Alternatively, other resources (Gignac, 2014; Green & Yang, 2015; Reise et al., 2013; Rodriguez et al., 2016; Watkins, 2017) advocate estimating the reliability of a multidimensional composite score with respect to the measurement of a general factor common to all items; that is, ωH, by fitting a bifactor model to item-level scores. Yet, other work has cautioned against the overuse of bifactor models (e.g., Bonifay et al., 2017; Markon, 2019; Reise et al., 2016). Simulations have shown that a bifactor model can produce as good or better fit statistics than the correct model when fit to data from unidimensional, two-factor, and higher-order populations (e.g., Maydeu-Olivares & Coffman, 2006; Morgan et al., 2015; Murray & Johnson, 2013); Bonifay and Cai (2017) found that even when data were generated to follow random patterns, the bifactor model had good fit to a high percentage of samples.

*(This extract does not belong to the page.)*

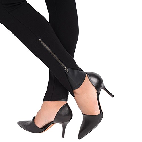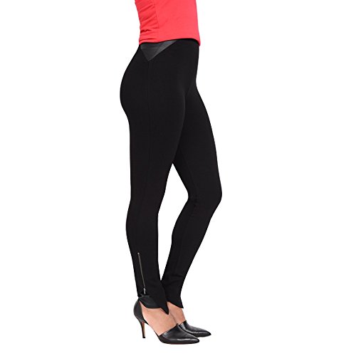 Bottom of legging features an origami inspired geometric leather detail with functional zipper

Therefore, it is possible that researchers will report an omega estimate based on an incorrect measurement model and consequently reach an inaccurate conclusion about composite reliability. That is, the true proportion of composite score variance due to a target construct that influences all items may be best defined by a one-factor model (with or without error correlations), a bifactor model, or higher-order model, whereas researchers may be likely to estimate this proportion using an omega estimate calculated from a misspecified model. As yet, the degree to which different coefficient omega statistics differ from the proportion of composite variance due to a target construct when the model is incorrectly specified is not fully known, as previous studies on this issue are limited. Therefore, the main purpose of the current study is to investigate the impact of major model misspecification on the accuracy of ωu and ωH estimates as measures of the proportion of composite score variance due to a factor influencing all items. In practice, however, it may be that major model misspecification would be detected by common model fit statistics (e.g., root mean square error of approximation [RMSEA], comparative fit index [CFI]), thus leading researchers to revise a hypothesized model (e.g., by freeing error correlation parameters) and then calculate a more accurate omega estimate from the parameter estimates of the revised model. Hence, a secondary purpose of the current study is to investigate the associations between the accuracy of omega estimates and popular model fit statistics.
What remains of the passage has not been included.